How Rate Limiting Can Stop DDoS Attacks in Their Tracks

Distributed denial-of-service (DDoS) attacks are a persistent threat to organizations of all sizes. In recent years, the frequency and sophistication of these attacks have increased, thanks to the availability of attack tools on the dark web and criminal marketplaces. From the Port of London Authority to Ukraine’s national postal service, a range of organizations were victims of DDoS attacks in 2022. While implementing more security controls can mitigate DDoS attacks, it can also result in more false positives, which can disrupt legitimate traffic and cause brand damage.

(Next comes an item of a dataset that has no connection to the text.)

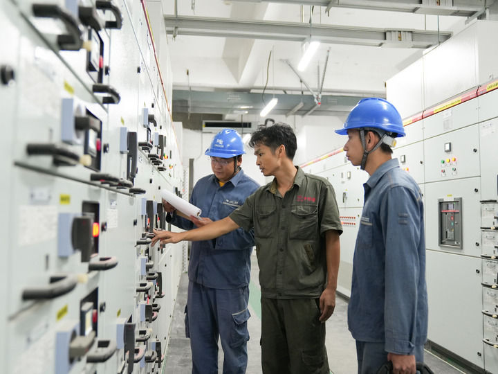9月6日,南方電網廣西北海供電局工作人員在北海市人民醫院銀灘分院檢查配電房設施,溝通防護措施。(陽文志 攝)
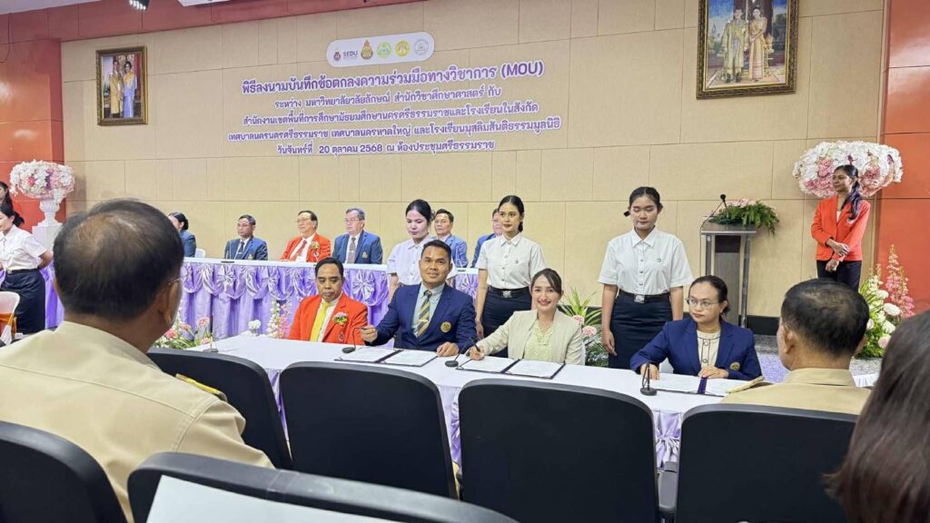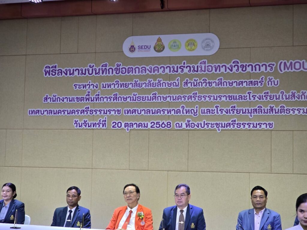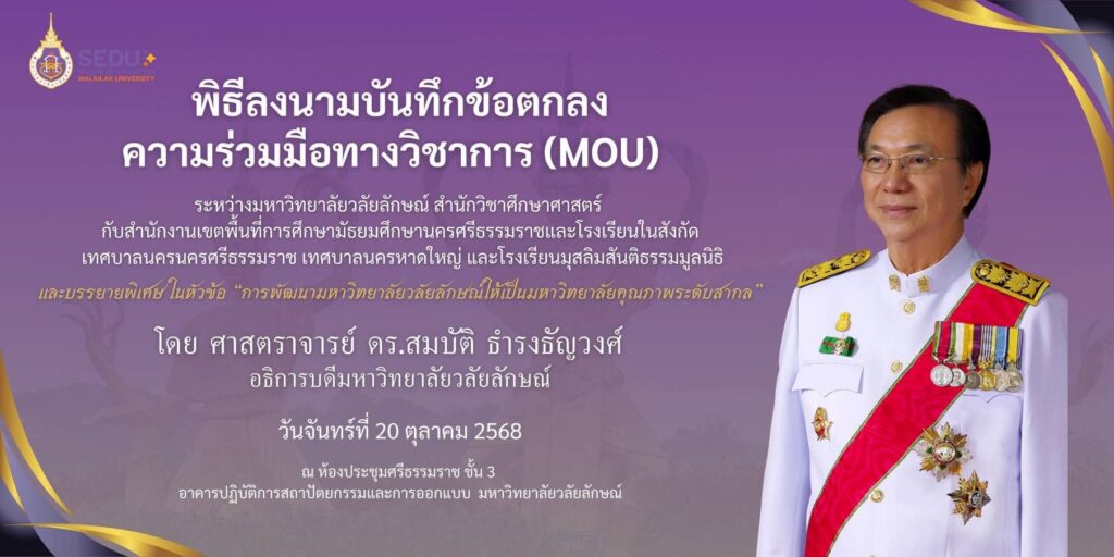 ได้ร่วมพิธีลงนามบันทึกข้อตกลงความร่วมมือทางวิชาการ (MOU) ระหว่าง มหาวิทยาลัยวลัยลักษณ์ สำนักวิชาศึกษาศาสตร์ กับ สำนักงานเขตพื้นที่การศึกษามัธยมศึกษานครศรีธรรมราชและโรงเรียนในสังกัดเทศบาลนครนครศรีธรรมราช

To combat DDoS attacks, security leaders are already monitoring network traffic patterns, implementing firewalls, and using content delivery networks (CDNs) to distribute traffic across multiple servers. However, rate limiting is often considered the best method for efficient DDoS mitigation, preventing 47% of DDoS attacks, according to a recent report. Unfortunately, few engineering leaders know how to use rate limiting effectively while avoiding false positives. Here’s how organizations can employ rate limiting effectively:

Understand Expected Network Traffic and Vulnerabilities

Engineering leaders often find it difficult to implement rate limiting as a DDoS mitigation tool because they don’t know what thresholds to set. The first step is to understand expected network traffic by answering several questions related to the number of users who visit an application every minute and the number of actions an application can handle. Knowing the baseline threshold for each URL within each application is useful, as it can help teams develop accurate baseline network traffic models and manage incoming and outgoing data flow effectively. These baseline thresholds can also help identify granular details on IP, host, domain, and URI vulnerabilities, which allows teams to act more quickly to thwart DDoS attacks.

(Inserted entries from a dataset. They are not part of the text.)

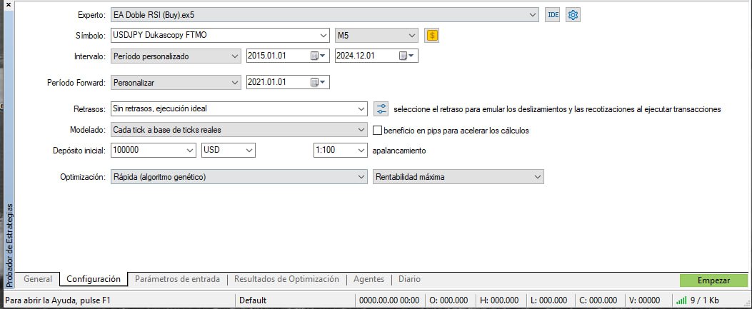 QI 0 00:59:32.355 Core 01 USDJPY Dukascopy FTMO,M5: 116358536 ticks, 355502 bars generated. Environment synchronized in 0:00:00.132. Test passed in 0:00:39.958 (including ticks preprocessing 0:00:09.905).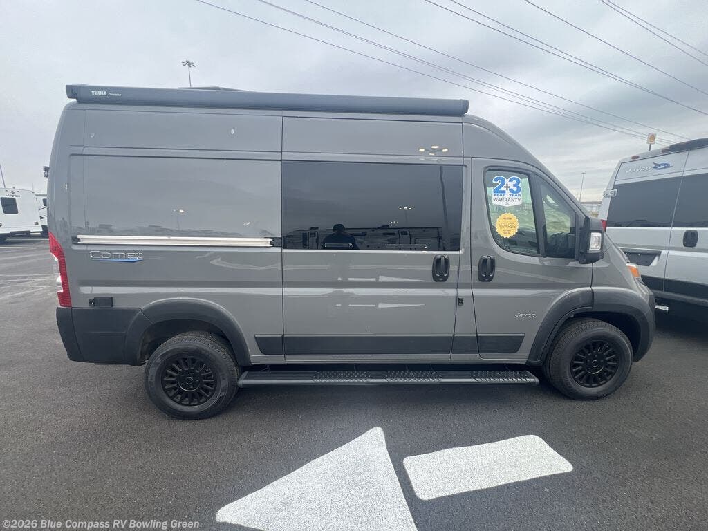 The small and nimble Comet Class B gas motorhome by Jayco is ready for adventure when you are! You'll appreciate the RAM ProMaster 1500 cargo van chassis for a strong and durable foundation, and the 17' 10" overall length means you can easily squeeze into parking spots even in the big city. There are added safety features for your peace of mind, like the LaneSense lane departure warning, drowsy driver detection, and forward collision warning with active braking. An Aqua-Hot GEN-1 hydronic water and heating system will provide hot water and heat when you need it. You'll be surprised by the interior comforts and functionality found in this compact camper van, including a convertible sofa/bed, residential vinyl flooring, swivel seats, and an adjustable table with multiple mounts to name a few!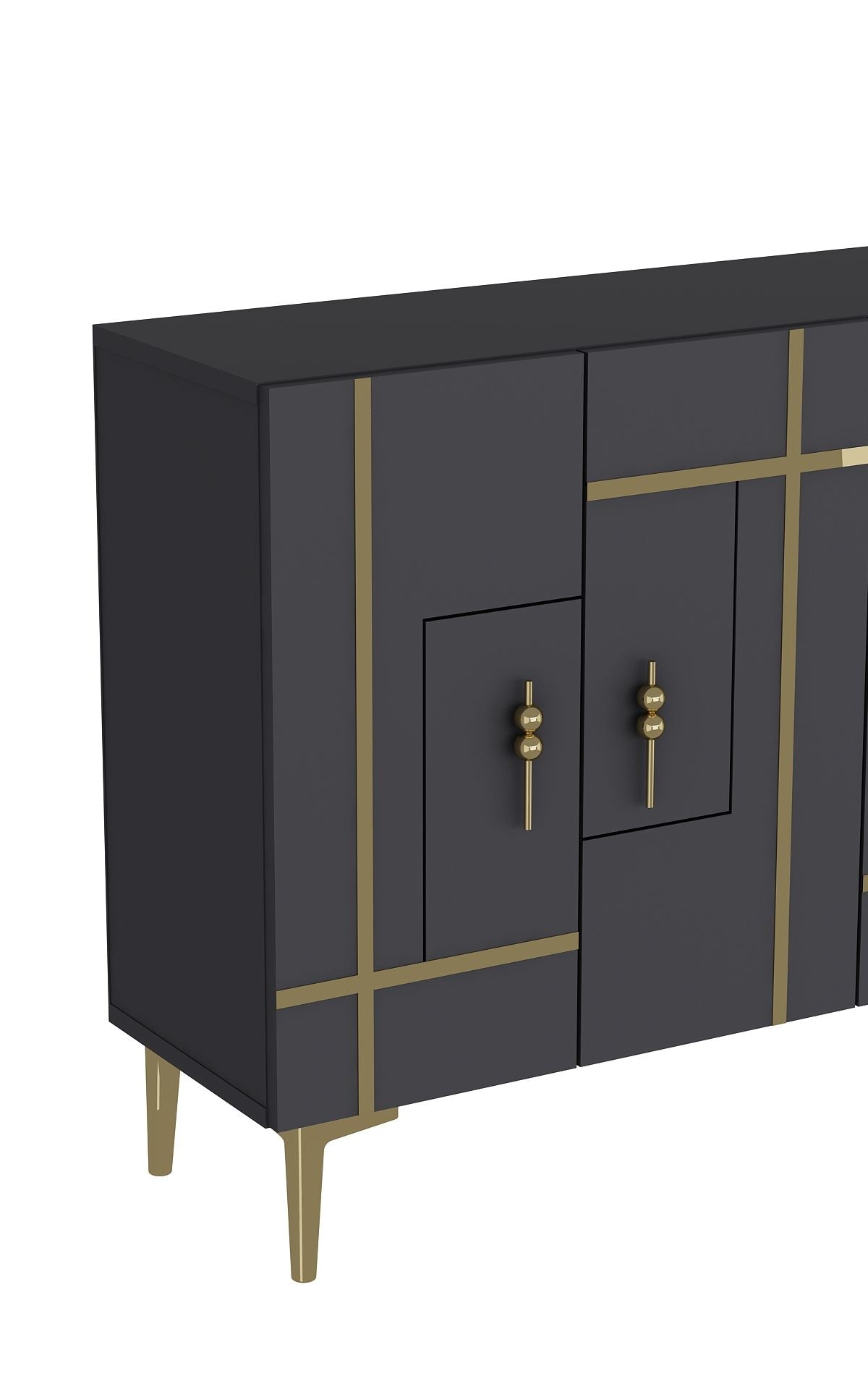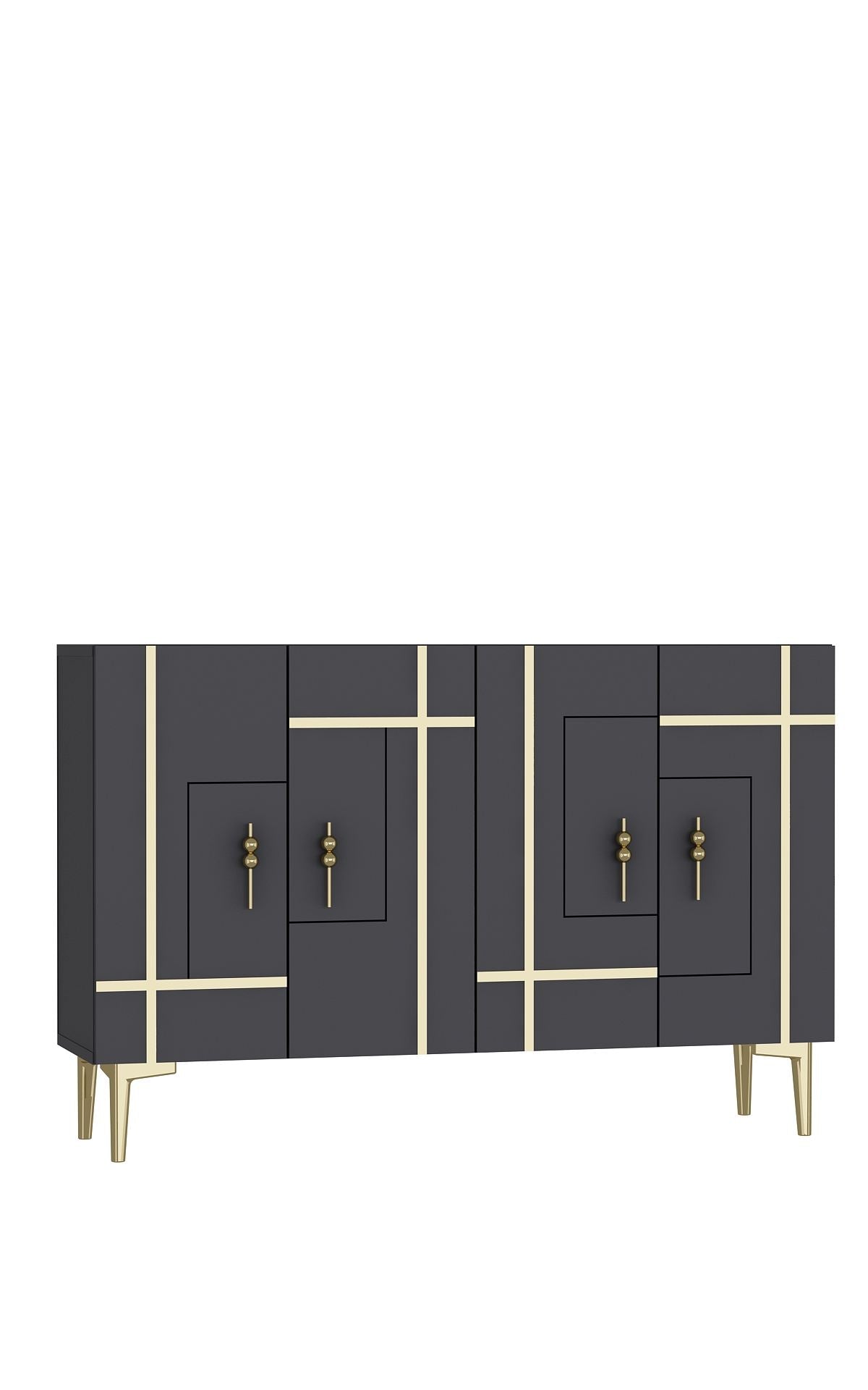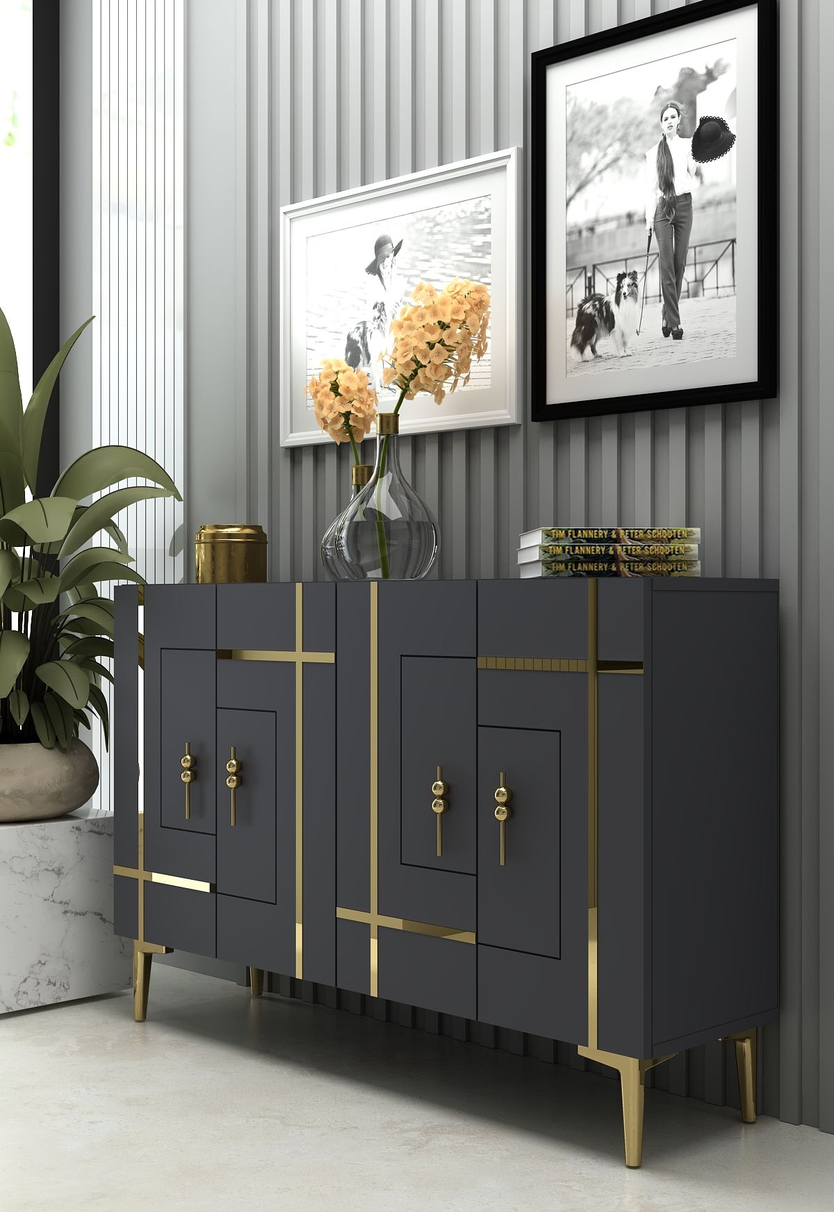 Aparador – 120 cm x 80 cm x 29,6 cm – Antracite e Ouro – Painel de partículas revestido em melamina

Implement Custom Rate Limits on Various Parameters

Security teams want round-the-clock application availability and rely on managed services to get the most value from DDoS mitigation software. In-built DDoS scrubbers help security leaders go beyond static rate limits and customize rules based on the behavior of inbound traffic received by host, IP, URL, and geography.

To implement rate limiting effectively, teams should set rate limits on the URL rather than the domain, as hundreds of URLs get added to the domain, which can cause unnecessary blocking of legitimate requests or, if compensating by raising the rate limits, allow too many malicious requests to pass through. Customizing the rate of requests on a session level can help detect unusual behavior that may indicate malicious activity and cause servers to become overwhelmed. Monitoring rate limits at an IP level can limit the number of requests or connections from a particular IP address. Implementing geographical rate limiting and geo-fencing can help teams quickly examine IP address reputations and geolocation data to verify the source of traffic.

Minimizing False Positives

By using the above methods, application owners can set more granular rate limits based on user behavior. This, in conjunction with using DDoS mitigation mechanisms such as tarpitting and CAPTCHA before blocking requests, can minimize false positives to the maximum extent possible. Cybersecurity decision-makers must take a multilayered approach to protection by having a clear understanding of network traffic patterns and using fully managed platforms to set rate limits based on threat intelligence.

In conclusion, cybersecurity teams can use rate limiting as an effective tool to combat DDoS attacks by understanding expected network traffic and vulnerabilities, implementing custom rate limits, and minimizing false positives. A multilayered approach to protection is essential to defend against DDoS attacks. By taking these steps, organizations can protect their networks and minimize the impact of DDoS attacks.